GEOSPATIAL ASSESSMENT OF VEGETATION CONDITION PRE-WILDFIRE AND POST-WILDFIRE ON LUŠTICA (MONTENEGRO) USING DIFFERENCED NORMALIZED BURN RATIO (DNBR) INDEX

  • Filip Vujović Department of Geography, Faculty of Philosophy, University of Montenegro, Nikšić, Montenegro
  • Gojko Nikolić Department of Geography, Faculty of Philosophy, University of Montenegro, Nikšić, Montenegro
Keywords: Wildfire, GIS, Remote sensing, Burned vegetation, Montenegro

Abstract


Wildfire is one of the most dangerous environmental stressors in most vegetation zones worldwide. Determining and monitoring this stressor is important because of the disturbances that occur during the burning of biomass in ecosystems, as well as because of the damage or suffering of organisms. In the last decade, a greater number of wildfires and burnt areas were recorded in Southern Europe and Montenegro. Therefore, it is important to develop optimal methodology and models to help in better management of forest protection against wildfire. The spatial component in firefighting plays a significant role in management. In this context, Remote Sensing and Geographic Information Systems (GIS) come to the fore, which analyze spatial data and turn it into useful information - models applied in practice.
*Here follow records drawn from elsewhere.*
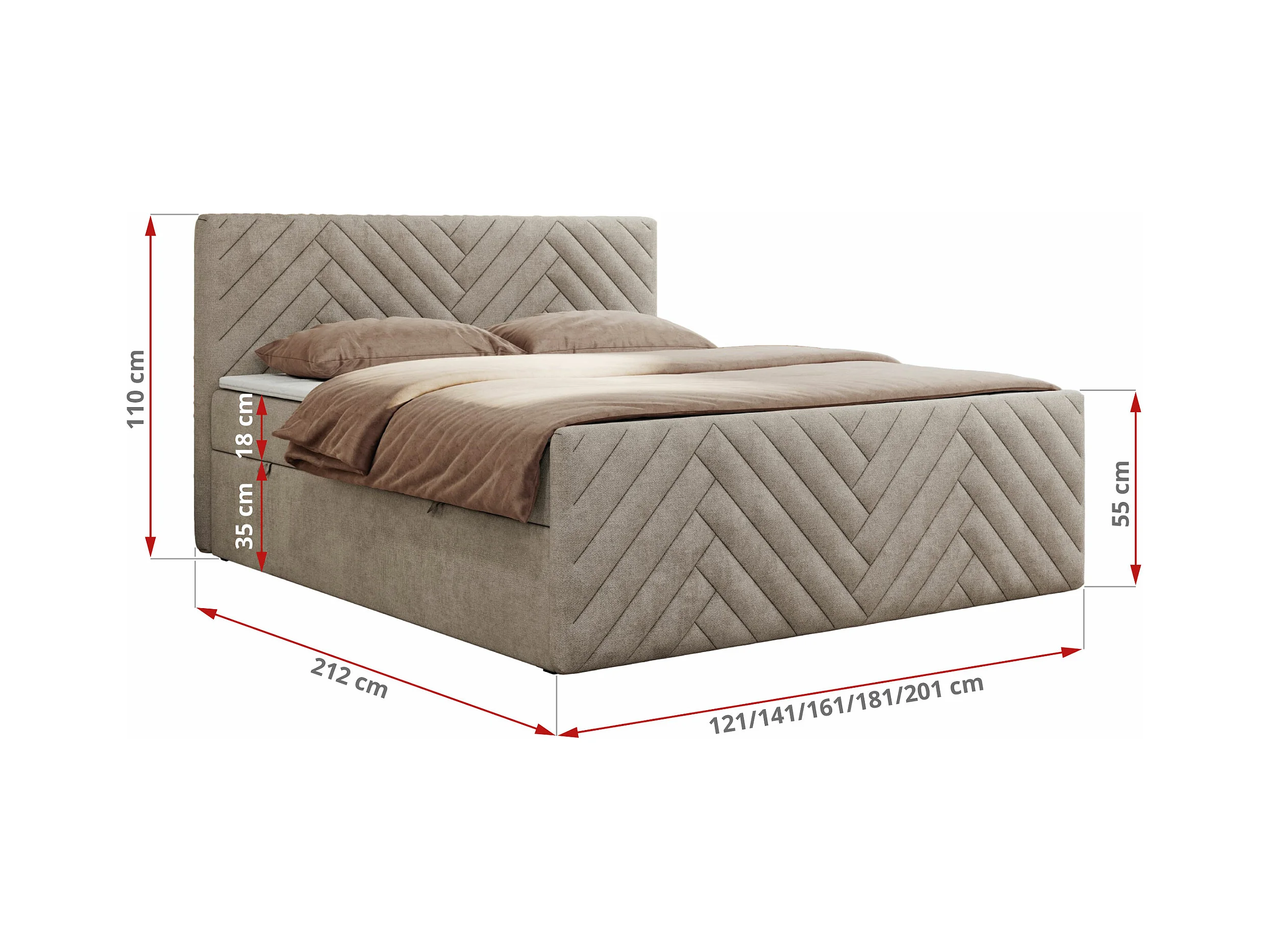 Boxspringbett PARIS DUO - Polsterbett mit genähtem Kopfteil und Frontplatte, Doppelbett, zwei Bettkästen - 160x200 cm - H3 - Beige Strukture
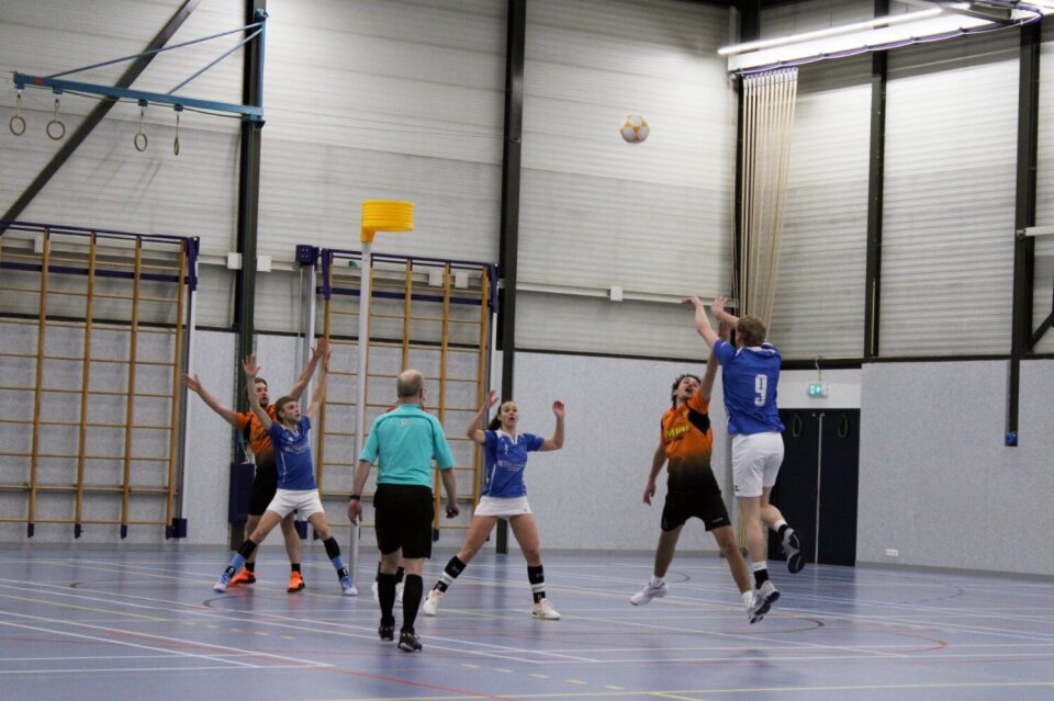 Blijven lachen Met twee zuivere schoten kwamen de bezoekers direct na rust weer langszij en twee minuten na rust was het 13-13 (doelpunt Mathijs). Langzaamaan kreeg KIOS wat meer grip op het spel. De veelvuldig toebedeelde vrijeworpen en strafworpen werden gretig verzilverd. Binnen tien minuten was de stand (ondanks een sublieme treffer van Zoë van Dasler) 14-17 in het voordeel van KIOS. Maar opnieuw toonde de thuisploeg veerkracht. Vijf minuten voor tijd was het 18-18, door doelpunten van Luka van der Vliet (2x), Levi Kroon en Nieko Dankelman.
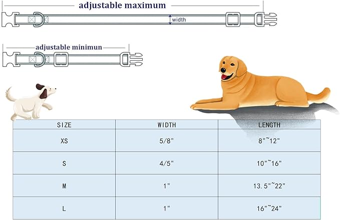 - SIZE: XS Collar (Width : 5/8"Length : 8-12"). S Collar (Width : 4/5" Length : 10-16"). M Collar (Width : 1" Length : 12-22"). L Collar (Width : 1" Length : 16-24").
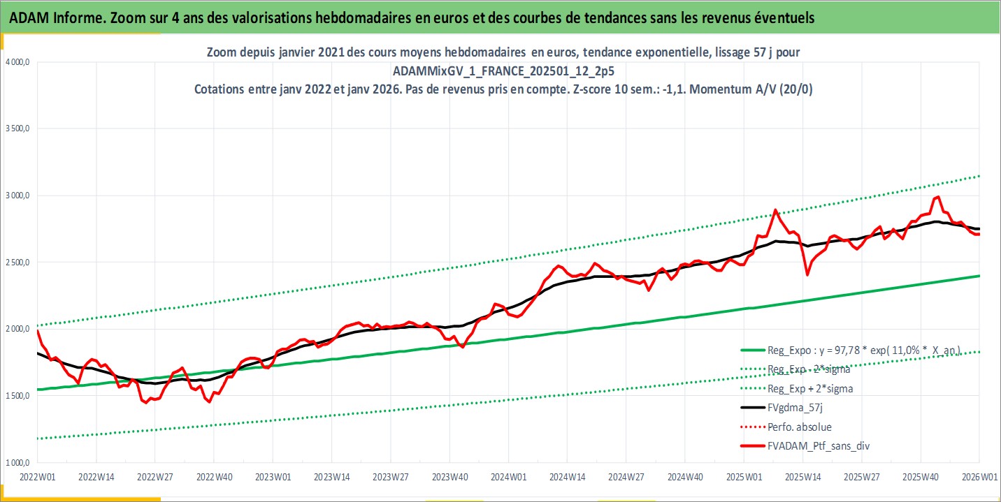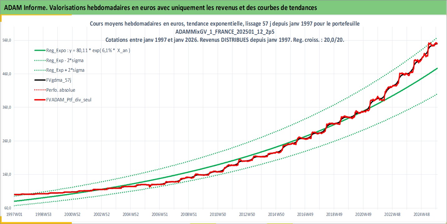 Site dédié aux investisseursPage dédiée sur site financeAnalyse des valorisations hebdomadaires du portefeuille ADAMMixGV_1_FRANCE_202501_12_2p5_5actifs avec un profil P6_PurActions. Ce portefeuille est cote en EUR. Les valorisations couvrent les semaines 1997W01 a 2026W01. Les revenus de cet actif financier sont pris en compte depuis la semaine 1997W01. La note globale ESG de cet actif est estimee a 13.2 (apres rebasage entre 0 et 20).
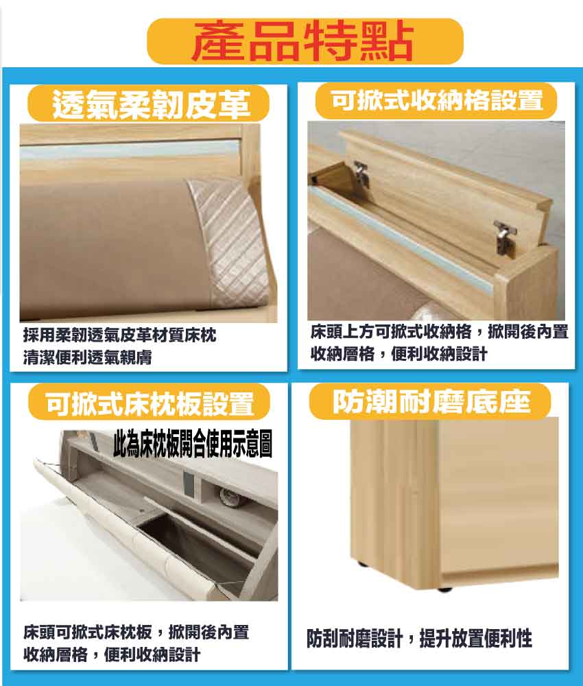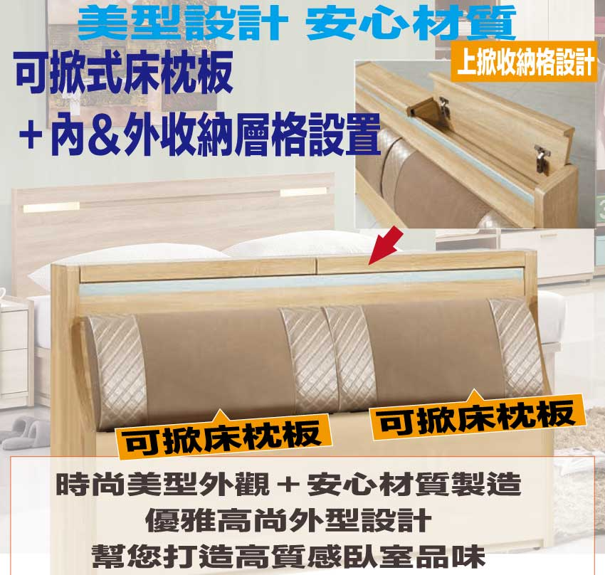 搭配床頭採用可掀式床枕板+內&外收納空間+上層可掀收納層格等收納空間設計

The study aims to geospatial assess condition of vegetation pre-wildfire and post-wildfire in study area of the Luštica peninsula in Montenegro during the summer of 2017. Open and publicly available Sentinel 2 satellite was used. The scaled index differenced Normalized Burn Ratio (dNBR) of burned vegetation was applied as an indicator for assessing the state of vegetation after a wildfire in the open source software Quantum GIS (QGIS). The results of the damage assessment of the burned area based on the applied scaled index reveal that the category of low severity occupies an area of 335.86 ha (7%), moderately-low severity 250.13 ha (5%), moderately-high severity 406.22 ha (8%), high severity 238.03 ha (5%). The unburned areas occupy an area of 3624.95 ha (75%). This study contributes to assessing vegetation conditions and other accompanying activities pre-wildfire and post-wildfire using modern open-source geospatial tools.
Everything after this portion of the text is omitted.